This isn’t a conversation about leadership theory, It’s about real moments, real responsibility, and the weight leaders carry — especially when the outcome is uncertain.
What does leadership require when the stakes are high, the answers are unclear, and people are counting on you to make the right call?
That is the question at the heart of a new Poets&Quants feature on Lt. Gen. Mark Hertling, DBA, Professor of Practice in Leadership at Crummer Graduate School of Business — and it is also a question that lives at the center of the Crummer MBA experience.

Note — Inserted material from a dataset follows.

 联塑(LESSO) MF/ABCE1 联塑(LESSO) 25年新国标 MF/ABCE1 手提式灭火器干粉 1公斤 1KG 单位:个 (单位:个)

In the article, “From Combat to the Classroom: Lt. Gen Mark Hertling on Leadership That Lasts,” Hertling reflects on a career shaped by service, command, accountability, and the human side of leading through uncertainty. His perspective is powerful not only because of where he has led — from military operations to healthcare leadership to the MBA classroom — but because of how he frames leadership itself.

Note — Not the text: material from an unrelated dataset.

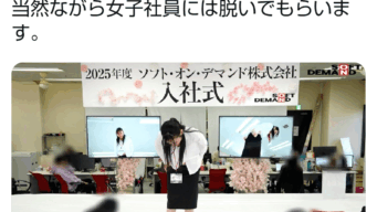 嫌儲 【画像】ソフト・オン・デマンドの入社式、新入女子社員は全員脱がなければいけない規則だった😭

At Crummer, leadership is not treated as a soft skill or a final chapter in a management textbook. It is woven into how students learn to think, question, collaborate, decide, and act.
That is what makes Hertling’s voice such a natural fit for the Crummer classroom.
His message reinforces what Crummer MBA students experience throughout their programs: that the best leaders are not simply the people with the loudest voices or the highest titles. They are the ones who build trust, exercise judgment, listen carefully, communicate clearly, and make decisions with both courage and humility.
Those lessons matter more than ever.
In today’s business environment — where leaders are navigating AI, disruption, workforce change, ethical complexity, and constant pressure to move faster — technical skill alone is not enough. Executives and emerging leaders need the ability to see the whole field, understand the human dynamics in the room, and make decisions that hold up under pressure.
That is the kind of leadership Crummer develops across our MBA program offerings.
Through faculty who bring deep executive, entrepreneurial, global, analytical, and operational experience into the classroom, Crummer students are challenged to connect business knowledge with real-world application. They learn finance, strategy, marketing, operations, analytics, and leadership not as separate boxes to check, but as connected disciplines that shape how effective leaders solve problems.
Hertling’s journey also reflects something distinct about Crummer itself. A graduate of Crummer’s Doctorate in Business Administration program, he brings the perspective of both scholar and practitioner — someone who has studied leadership deeply, practiced it under extraordinary pressure, and now teaches it with honesty, clarity, and purpose.
We are proud to see this conversation elevated nationally — and even prouder that it reflects the kind of leadership development happening inside Crummer classrooms every day.